By Erica Techo
Research shows African Americans are more than twice as likely than other populations to be diagnosed with dementia or Alzheimer’s disease. Despite these statistics, little research has centered on African Americans and what can be done to mitigate their risk factors for developing these cognitive aging conditions.
With a two-year, $400,000 R21 grant from the National Institutes of Health, University of Alabama at Birmingham School of Nursing Assistant Professor Pariya Fazeli Wheeler, PhD, using known common risk factors for dementia and Alzheimer’s disease, is developing tailored educational information that encourage healthy behaviors among African Americans to lessen their risk of developing these cognitive aging conditions.

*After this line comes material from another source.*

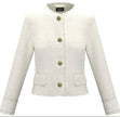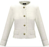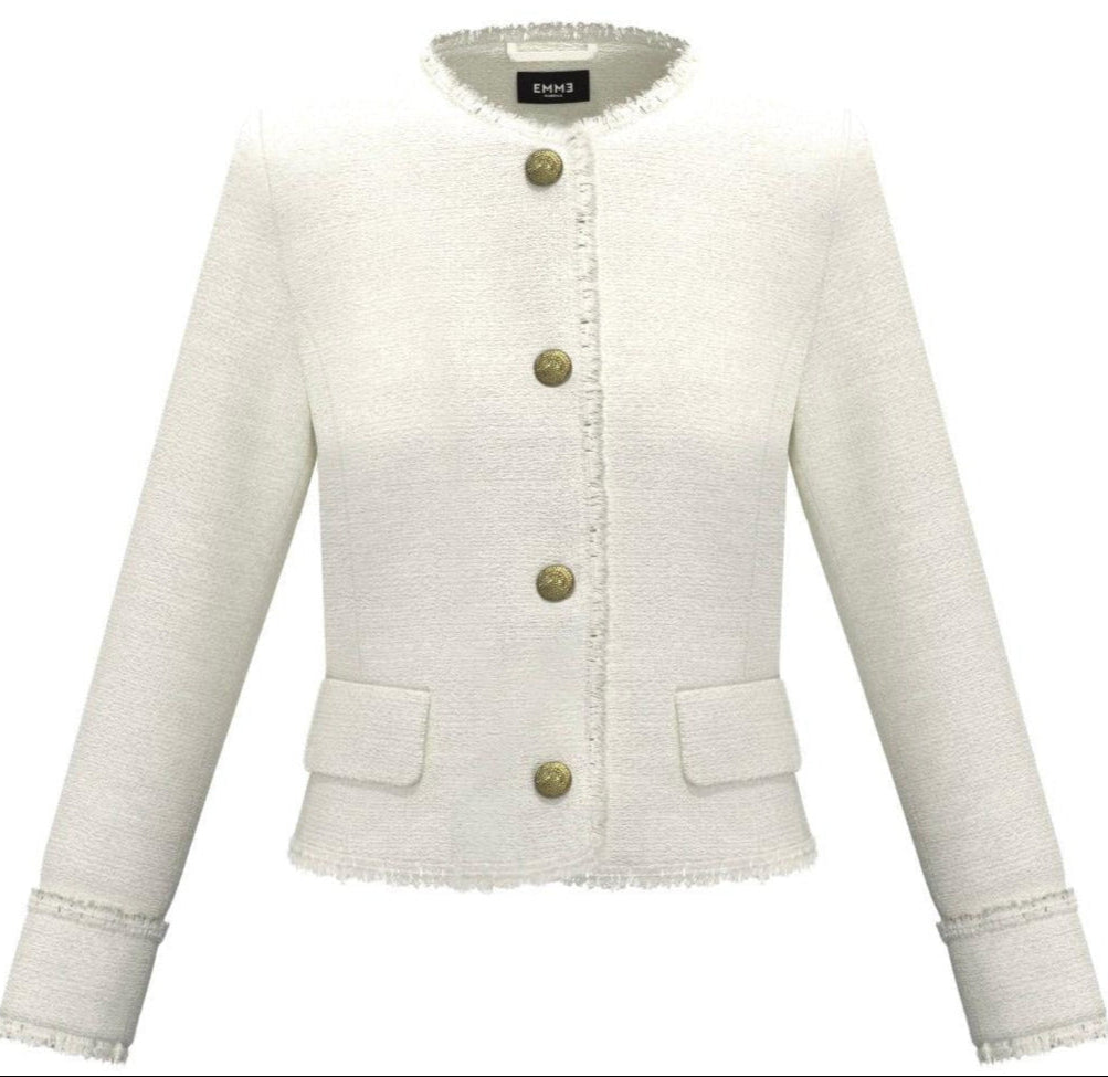 EMME MARELLA GIACCA di cotone e lino stretch perfetta per mettere in evidenza la silhouette con il suo fit sfiancato. Il collo a giro e la chiusura con bottoni personalizzati a vista aggiungono un tocco di eleganza, mentre i dettagli di sfrangiature sui bordi e le tasche con patta conferiscono un aspetto moderno e chic. Ideale per ogni occasione, dall'ufficio alle giornate più rilassate.

“Given the growing public health issues of dementia and Alzheimer’s disease, this seemed like the right time to translate my existing work in successful cognitive aging with HIV into work that focuses on dementia prevention,” Wheeler said. “As I was thinking about writing this grant and what I wanted my next research steps to be, I completed the UAB Health Disparities Research Training Program (HDRTP). This allowed me to see my idea in a new light. I recognized that dementia prevention in African Americans is an area missed in science so far and chose this focus to further develop my research.”
Study participants will be asked about their exercise, eating, social and other daily habits to help develop their risk factor profile. From there, a tailored plan will be created for each individual to help maximize their potential role in healthy brain aging in hopes a tailored individual plan will encourage participants to engage in healthy behaviors.

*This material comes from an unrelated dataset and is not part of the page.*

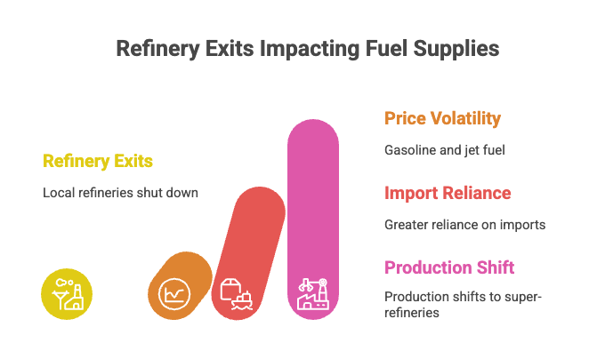 • California: Rapid refinery exits will tighten local gasoline and jet fuel supplies, increasing price volatility and reliance on imports that must comply with stringent CARBOB and LGIR specifications.

The goal of the project is to determine the effectiveness of the tailored plans versus general education on risk factors for Alzheimer’s disease and dementia.
“We hope with both of the groups receiving dementia education all will improve their dementia risk factor knowledge and brain health literacy. We also hope the individuals with a tailored risk factor profile are more likely to engage in the recommended activities more than those without a tailored profile,” Wheeler said. “If the tailored profile is effective in this study, we can move forward with future, larger studies and see if these actions help prevent or reduce cognitive issues as African Americans age.”

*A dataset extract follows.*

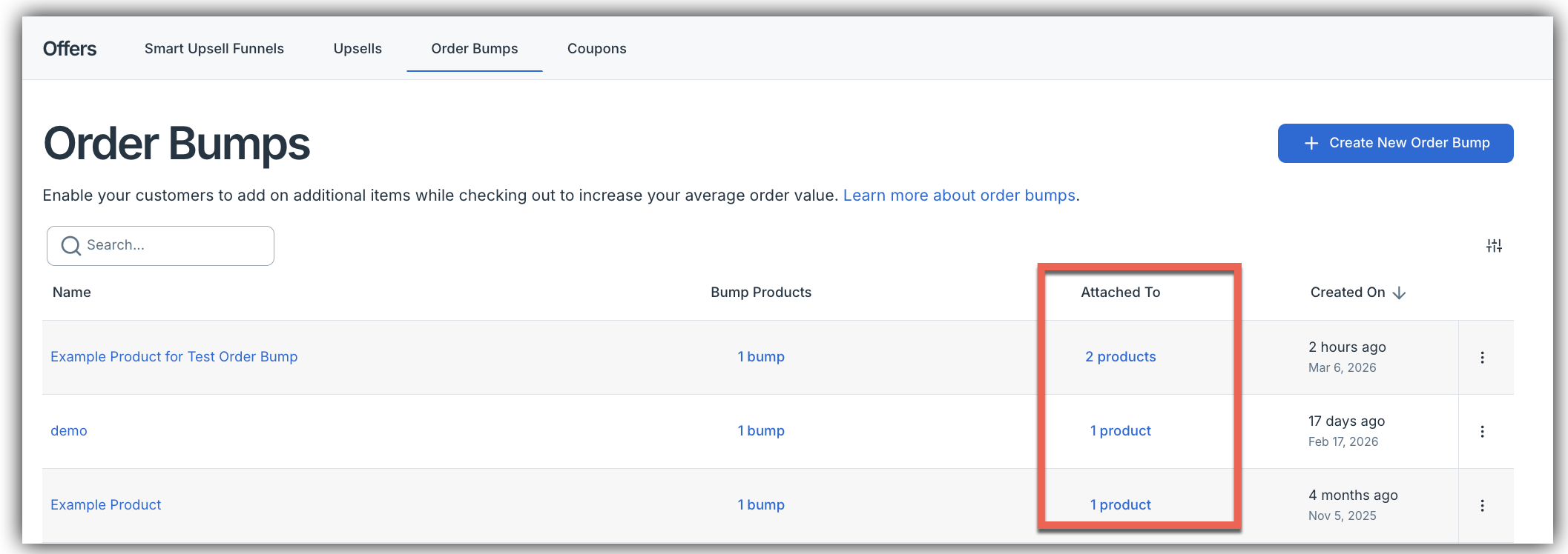 All of your order bumps are visible from Offers > Order Bumps. Each bump shows how many products it's currently attached to, so you can see at a glance where an order bump is in use.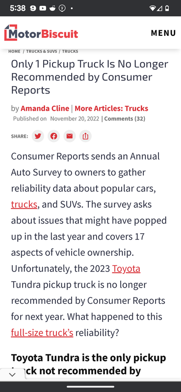 Well Car and driver does not Recommend 2023 Tundras. Don't know about 2022s except they were ranked last out of all full size trucks

Co-investigators working with Wheeler on the grant include School of Nursing Assistant Professor Pamela Bowen, PhD, CRNP, FNP-BC and Professor and Interim Associate Dean for Research David E. Vance, PhD; UAB Department of Psychology Professors Bulent Turan and Olivio Clay; and UAB School of Medicine Professor Virginia Wadley. Bowen’s research focuses on emphasizing physical activity to positively affect overall health within the African-American population. Clay and Bowen will provide expertise on recruitment and retention of African American research participants, and Turan will provide guidance on text message adherence protocol. Vance and Wheeler have a long history of working together on successful aging with HIV projects, and developed the conceptual model for this R21 together years ago. Wadley and Vance will provide general expertise on study implementation, including assessments and educational materials developed for the study.
Following this two-year study, Wheeler hopes to expand the study and apply for an R01 grant. Increased funding would allow for a larger group of participants and a longer study.